The applicant graduated the Higher School of Commerce, Athens, in 1974, and was enrolled on the list of candidates wishing to be appointed as teachers.

By letters dated 3rd October and 6th October, 1986, the Ministry of Education conveyed to Respondent No. 1 the needs of schools in commercial subjects, and requested the appointment of teachers in order to cover the said needs.
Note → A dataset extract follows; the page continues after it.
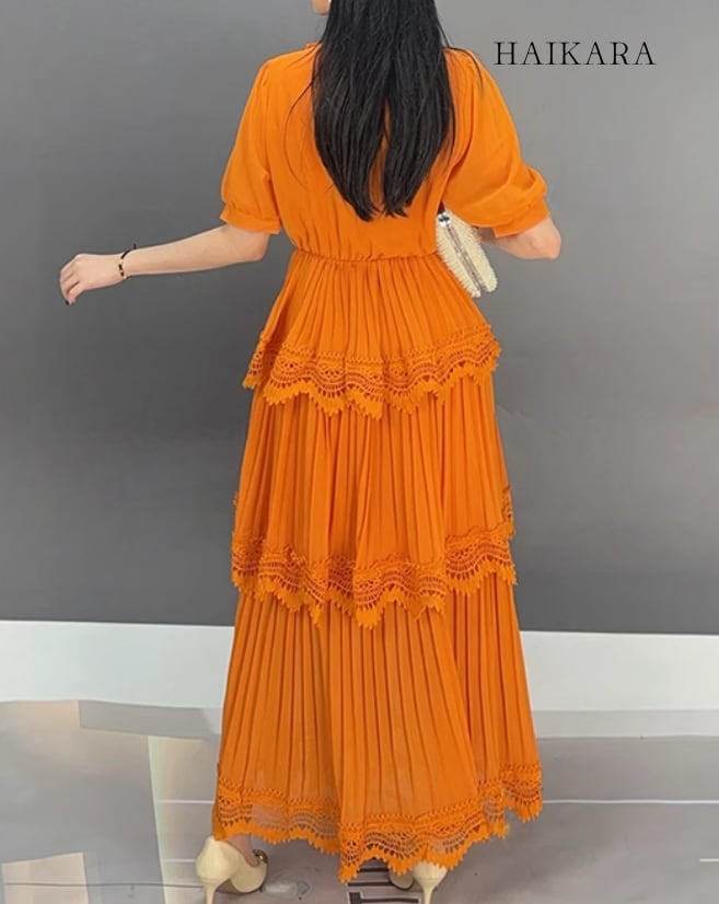 ★【 フリルデザインを使用した華やかな見た目、レトロスタイルのエレガントなワンピース 】

The respondent Educational Service Commission (to be referred to as the E.S.C.), met on 11th October, 1986, and after[*595]taking into consideration the fact that the lists of appointees had been declared as ultra vires the law by the Court, appointed on contract, as from the 13th October and for a period of 15 days, a number of educationalists, on the basis of section 3(1) of Law 161/85. It is stated in the minutes of the Commission that the selection of the appointed teachers was made after consideration of the cases of all candidates interested and on the basis of the date on which they obtained their Diplomas, the grade of the Diploma and their age. One out of the five teachers so appointed for Commercial subjects was interested party No. 2.
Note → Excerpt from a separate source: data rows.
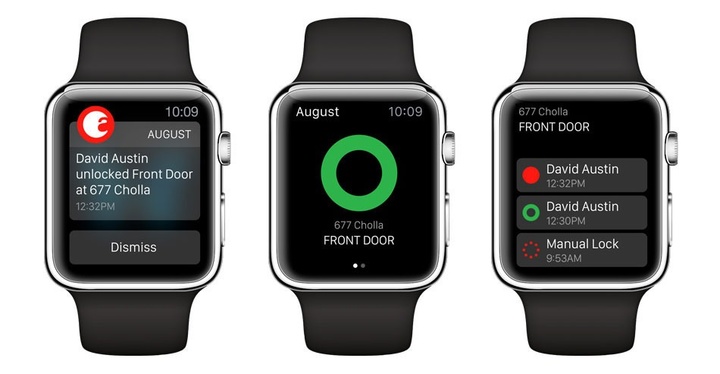 iOS 端用户更新了 app 后,不仅可以通过 Apple Watch 来锁门和开门,还能在手表上接收 August 智能门锁状态的通知信息,以及查看门锁的活动日志。目前 August 还不能像在手机上那样,让用户和拥有 Apple Watch 的朋友们共享虚拟密钥。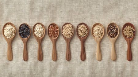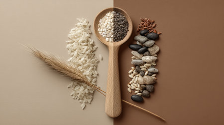 Aesthetic arrangement of various grains and seeds displayed in natural tones, utilizing a wooden spoon on an earthy backdrop, symbolizing healthy eating.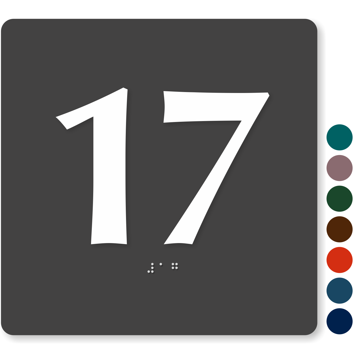 8" x 8" TactileTouchâ„¢ Braille Sign: Sign With Number "17" SE-2683-17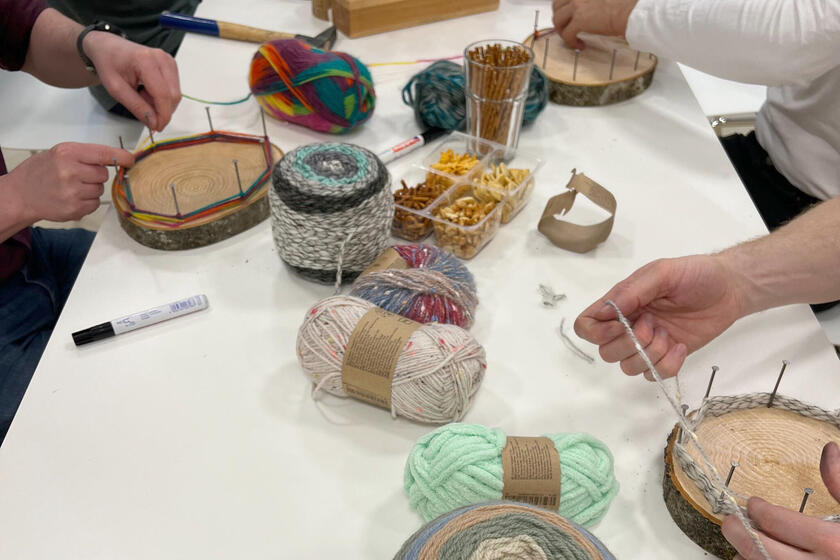 In der Biberbande wurde in dieser Woche gehämmert und gewickelt: Bei einem Nachmittag speziell für die Väter der Biberbanden-Kinder leisteten diese Vorarbeit für den Osterhasen. Aus einer Holzscheibe, Nägeln und Wolle entstanden individuelle Osternester für die kleinen Biber.

As two of the teachers appointed for the above subject did not accept their appointment, the respondent E.S.C. met again on the 13th October, 1986 and revoked their appointments. It then proceeded to appoit interested party No. 3 for a period of 15 days as from 15.10.1986 on the basis of the criteria set down in its previous meeting of 11th October. In the place of the other teacher who did not accept his appointment, the E.S.C. decided “in view of the necessity for the immediate covering of educational gaps to appoint temporarily on contract as from 14.10.86 for a period of 15 working days “the applicant in order to enable itself to get in contact with those of the candidates interested who had priority on the basis of the criteria set down by it which are mentioned above.

In view of the expiration of the above contractual appointments the E.S.C. met on the 31st October, 1986, and renewed for a further period of 15 days, the appointments of interested parties 2 and 3, but not that of the applicant. Instead, it proceeded to appoint as from 1st November, 1986, for a period of 15 working days, interested party No. 1, stating that “Mr. Vassiliou has priority over the other candidates on the .basis of the criteria defined at the meeting of the Commission, dated 11.10.1986”.
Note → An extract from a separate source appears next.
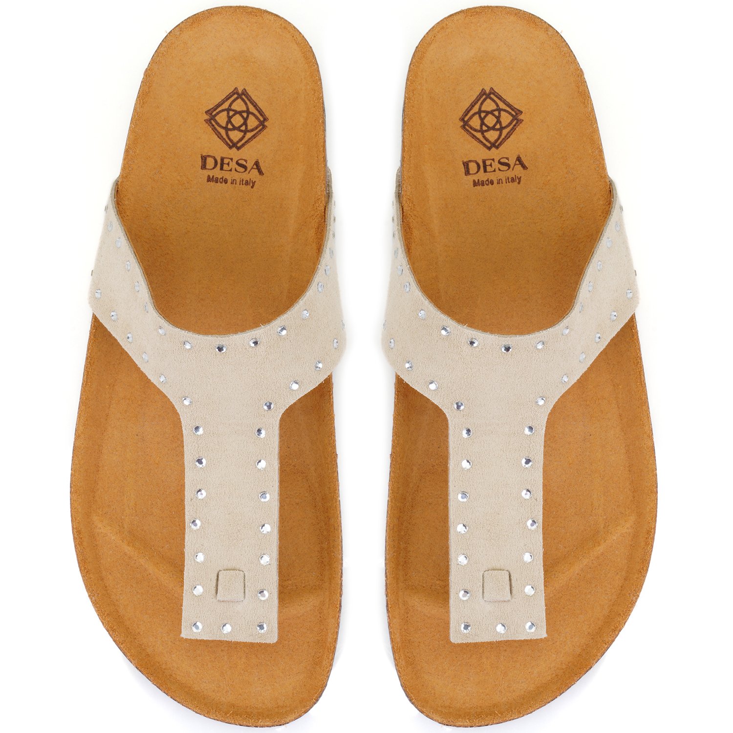 %100 süet, deri iç astarlı, deri iç tabanlı, parlak taş detaylı, mantar + tpu tabanlı,parmak arası kadın terlik.

The applicant filed the present recourse challenging the above decision.

The first point raised by counsel for the applicant is that the appointment [*596]of interested party No. 1 was made contrary to the provisions of .Law 161/85 since he was not, on the 31st October, 1986 an “educationalist on contract” within the meaning of the Law.

Counsel for the respondent argued, in respect of this point, that the law cannot be interpreted to mean that the power of the E.S.C. is limited in appointing on contract only those educationalists who are already serving on contract. He pointed out that the contractual appointment of the applicant f6r 15 days was only made until the E.S.C. would be able to study the cases of those having priority for appointments and make the necessary contacts with them.

The relevant Law applicable with regard to this ground is the Educational Officers on contract (Appointment to Posts in the Public Educational Service) Law, 1985 (Law 161/85). Section 3 (1) of this Law reads as follows:

"3. - Κατά παρέκκλιση από τις διατάξεις των περί Δημοσίας Εκπαιδευτικής Υπηρεσίας Νόμων του 1969 έως (Αρ. 2) του 1985 ή οποιουδήποτε άλλου Νόμου ή Κανονισμού ο οποίος αφορά στη δημόσια εκπαιδευτική υπηρεσία, σχετικά με τις μεθόδους και διαδικασίες πλήρωσης θέσεων στη δημόσια εκπαιδευτική υπηρεσία, η Επιτροπή δύναται κατά διακριτική εξουσία να προβαίνει σε διορισμούς εκπαιδευτικών λειτουργών με σύμβαση."

And the English translation.

(“3. (1) In deviation to the provisions of the Public Educational Service Laws 1969 to (No. 2)1985 or any other Law or Regulation concerning the public educational service, the Commission may within its discretionary power effect appointments of educational officers on contract.)

Counsel for applicant relying on the combined effect of this section and the definition of “educational officers on contract” in[*597]section 2(1) contended that the power of the E.S.C. to appoint on contract was restricted to those educational officers already serving on contract, which was not the case with interested party No.1.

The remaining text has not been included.